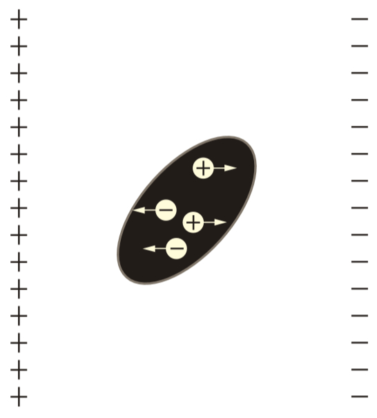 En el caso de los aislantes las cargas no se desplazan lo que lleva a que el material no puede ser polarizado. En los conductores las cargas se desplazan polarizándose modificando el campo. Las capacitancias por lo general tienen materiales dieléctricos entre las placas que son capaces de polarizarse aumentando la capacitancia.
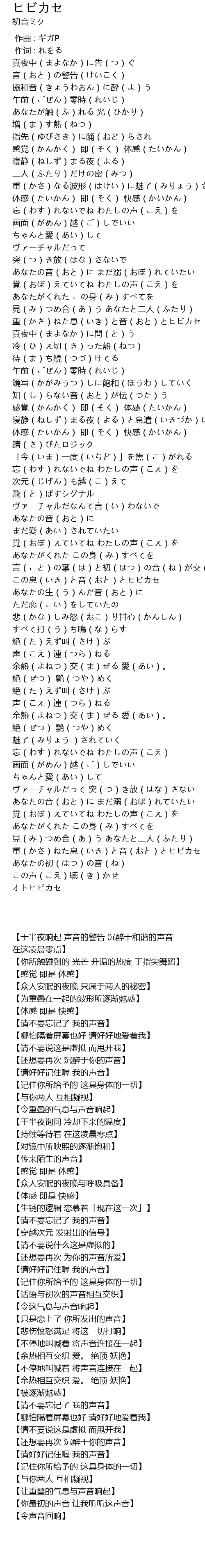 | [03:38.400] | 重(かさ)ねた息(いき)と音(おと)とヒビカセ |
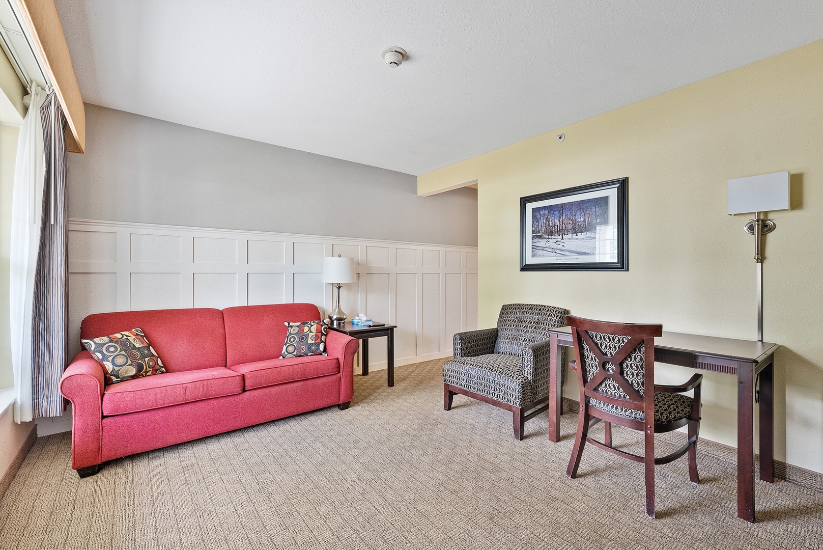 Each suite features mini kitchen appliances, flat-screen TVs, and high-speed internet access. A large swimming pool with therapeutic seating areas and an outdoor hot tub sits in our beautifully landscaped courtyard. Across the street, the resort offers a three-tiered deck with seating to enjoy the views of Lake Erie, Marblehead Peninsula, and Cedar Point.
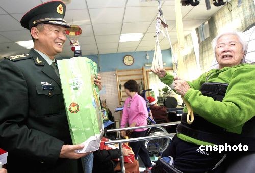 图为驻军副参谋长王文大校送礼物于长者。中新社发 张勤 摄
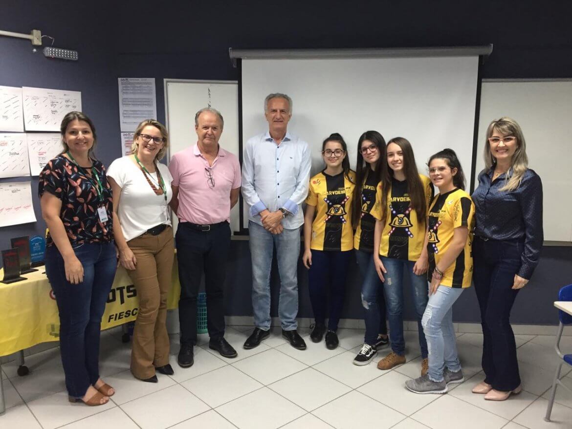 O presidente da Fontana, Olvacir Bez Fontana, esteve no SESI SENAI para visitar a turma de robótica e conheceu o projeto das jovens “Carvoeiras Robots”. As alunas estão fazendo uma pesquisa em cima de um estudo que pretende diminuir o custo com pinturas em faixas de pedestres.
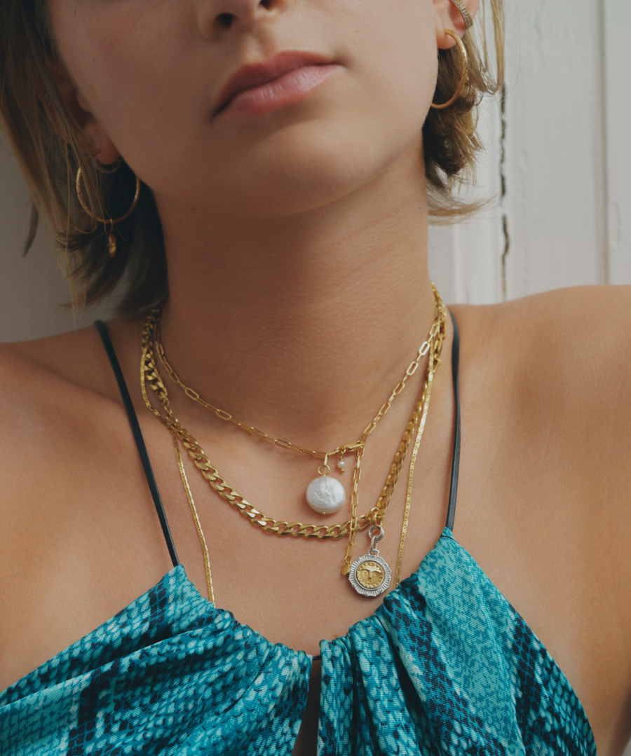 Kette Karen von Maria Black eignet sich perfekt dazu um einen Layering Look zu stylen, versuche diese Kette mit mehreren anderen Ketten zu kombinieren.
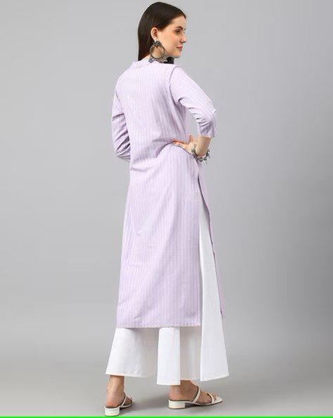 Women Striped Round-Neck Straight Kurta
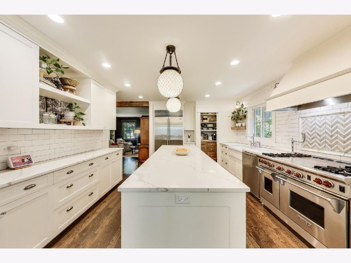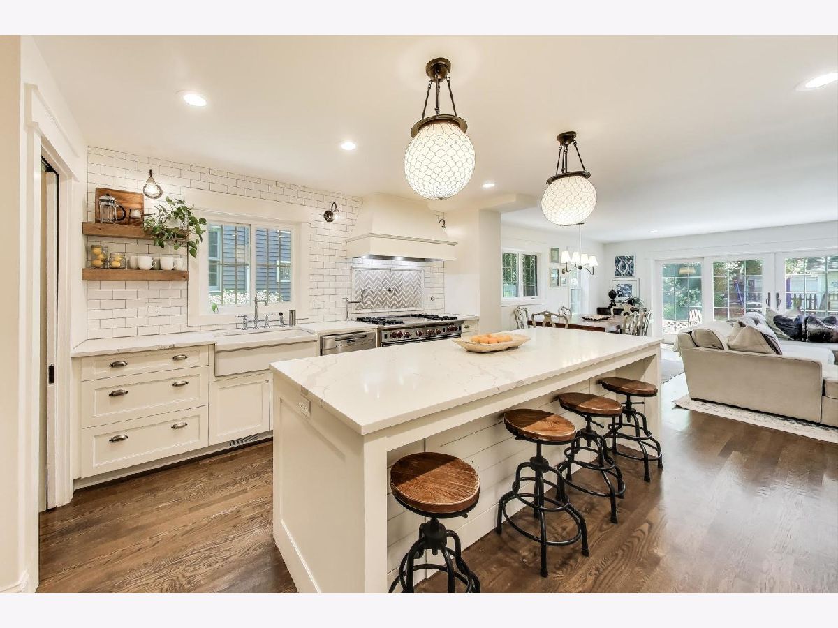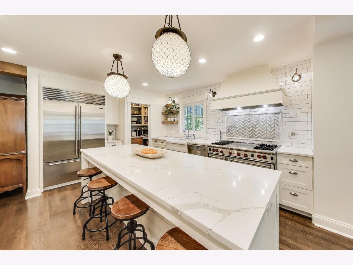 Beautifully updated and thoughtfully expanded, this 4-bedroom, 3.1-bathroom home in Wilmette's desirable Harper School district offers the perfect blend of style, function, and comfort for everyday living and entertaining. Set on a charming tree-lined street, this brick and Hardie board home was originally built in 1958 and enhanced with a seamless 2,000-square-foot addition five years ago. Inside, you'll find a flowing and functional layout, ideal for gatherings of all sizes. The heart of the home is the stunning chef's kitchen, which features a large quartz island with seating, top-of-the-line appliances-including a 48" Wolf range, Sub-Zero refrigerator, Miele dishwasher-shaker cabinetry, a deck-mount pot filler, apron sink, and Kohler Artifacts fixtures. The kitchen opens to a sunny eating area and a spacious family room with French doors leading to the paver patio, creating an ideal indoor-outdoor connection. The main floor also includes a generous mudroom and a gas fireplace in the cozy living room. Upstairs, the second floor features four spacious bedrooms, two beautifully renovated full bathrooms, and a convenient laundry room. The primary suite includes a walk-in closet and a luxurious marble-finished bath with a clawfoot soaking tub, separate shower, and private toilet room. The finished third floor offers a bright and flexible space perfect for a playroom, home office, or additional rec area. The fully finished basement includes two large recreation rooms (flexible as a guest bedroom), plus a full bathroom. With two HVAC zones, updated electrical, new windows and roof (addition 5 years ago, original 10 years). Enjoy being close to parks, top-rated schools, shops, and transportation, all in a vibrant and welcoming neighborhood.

--------------------

Directions
Give back, exactly as written, the lines from the top of the material above to the line containing "O presidente da", both included; skip every picture.

Response area
 En el caso de los aislantes las cargas no se desplazan lo que lleva a que el material no puede ser polarizado. En los conductores las cargas se desplazan polarizándose modificando el campo. Las capacitancias por lo general tienen materiales dieléctricos entre las placas que son capaces de polarizarse aumentando la capacitancia.
 | [03:38.400] | 重(かさ)ねた息(いき)と音(おと)とヒビカセ |
 Each suite features mini kitchen appliances, flat-screen TVs, and high-speed internet access. A large swimming pool with therapeutic seating areas and an outdoor hot tub sits in our beautifully landscaped courtyard. Across the street, the resort offers a three-tiered deck with seating to enjoy the views of Lake Erie, Marblehead Peninsula, and Cedar Point.
 图为驻军副参谋长王文大校送礼物于长者。中新社发 张勤 摄
 O presidente da Fontana, Olvacir Bez Fontana, esteve no SESI SENAI para visitar a turma de robótica e conheceu o projeto das jovens “Carvoeiras Robots”. As alunas estão fazendo uma pesquisa em cima de um estudo que pretende diminuir o custo com pinturas em faixas de pedestres.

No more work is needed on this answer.